When the City Treasurer failed to decide International Container's protest within 60 days
from the protest, International Container filed before the Regional Trial Court of Manila
its Petition for Certiorari and Prohibition with Prayer for the Issuance of a Temporary
Restraining Order against the City Treasurer and Resident Auditor of Manila. The
Second Division found that the City of Manila committed direct double taxation by
imposing a local business tax on International Container. The Second Division ordered
a partial refund of P6,224,250.00 for the erroneously paid business taxes for the third
quarter of 1999. However, the Second Division did not order the City of Manila to refund
the business taxes paid by International Container subsequent to the first three quarters
of 1999. International Container appealed the decision to the Court of Tax Appeals En
Banc. The Court of Tax Appeals En Banc affirmed the decision of the Second Division.

Issue:
Whether International Container is entitled to a refund of the business taxes paid to the
City of Manila.

Ruling:
Yes. The Court held that International Container complied with the requirements of
Section 196 of the Local Government Code, which provides for a claim for refund of tax
credit. The Court justified the failure to file separate written claims for refund for the
subsequent tax payments. This means that International Container did not have to file
separate claims for each tax payment because the issue raised was purely legal and did
not involve any questions about the reasonableness of the amount assessed. The Court
ordered the City of Manila to refund the business taxes paid by International Container.
Dennis Jay A. Paras
Taxation Law Review- B
Atty. Sannie Diangca

84. CIR v.

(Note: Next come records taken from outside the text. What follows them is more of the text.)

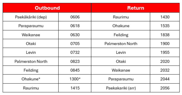 Adult Fare ex. Palmerston North/Feilding & Return - $119.00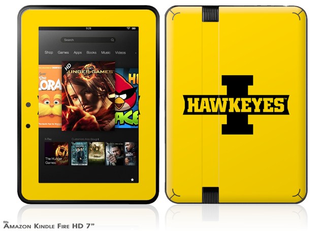 Iowa Hawkeyes 02 Black on Gold Decal Style Skin fits 2012 Amazon Kindle Fire HD 7 inch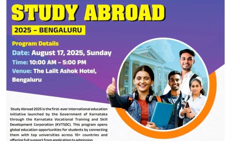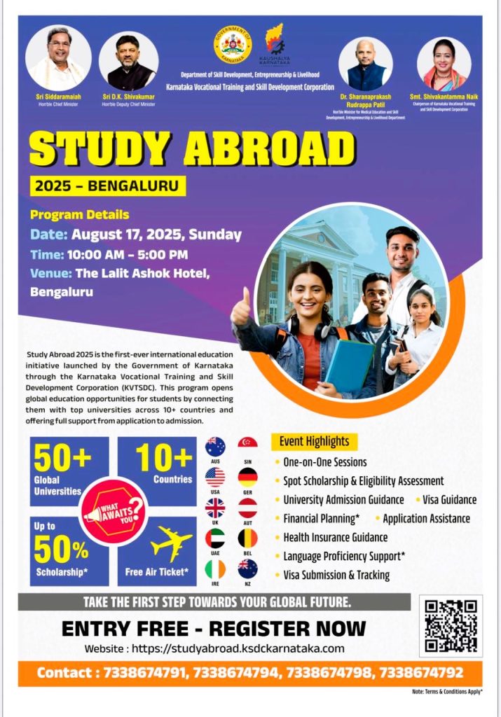 To encourage wider participation, the government is hosting a Study Abroad Expo at Hotel Lalit Ashok on Sunday, August 17. The event brings together over 60 international universities showcasing courses, scholarships, and career pathways tailored for Karnataka’s students.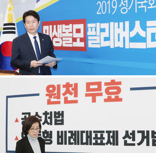 이인영 원내대표가 1 오전 서울 여의도 국회에서 열린 기자간담회에 참석하고 있다(). 자유한국당 나경원 원내대표가 1 오후 서울 여의도 국회 원내대표실에서 열린 기자회견에 참석하고 있다.

Pilipinas Shell Petroleum Corporation


G.R. No. 188497 25 April 2012

Doctrine: A tax is not excise where it does not subject directly the produce or goods to
tax but indirectly as an incident to, or in connection with, the business to be taxed.

Facts:
The company filed claims for refund or tax credit for excise taxes paid on sales and
deliveries of gas and fuel oils to various international carriers. The claims were based
on the exemption provided under Section 135(a) of the National Internal Revenue Code
(NIRC) for petroleum products sold to international carriers for their use or consumption
outside the Philippines. The Commissioner of Internal Revenue did not take any action
on the claims, prompting the respondent to file petitions for review before the Court of
Tax Appeals (CTA). The CTA's First Division ruled in favor of the respondent, granting
the claim for refund of excise taxes.
The CTA relied on a previous ruling by the CTA En Banc in a similar case involving the
same tax exemption for petroleum products sold to international carriers. The petitioner
filed a motion for reconsideration, which was denied by the CTA First Division. The case
was then elevated to the CTA En Banc, which upheld the ruling of the First Division.

Issue:
Whether the respondent, as the manufacturer or producer of petroleum products, is
exempt from the payment of excise tax on the goods sold to international carriers.

Ruling:
The Supreme Court ruled in favor of the petitioner, denying the claim for tax refund. The
excise tax on petroleum products attaches to the goods as soon as they are in
existence as such. The tax exemption under Section 135(a) of the NIRC is conferred on
international carriers who purchase the petroleum products for their use or consumption
outside the Philippines. The excise tax is the direct liability of the manufacturer or
producer, and the tax exemption enjoyed by the buyer cannot be the basis for a claim
for tax exemption by the manufacturer or seller. Tax refunds are in the nature of tax
exemptions and must be strictly construed against the taxpayer.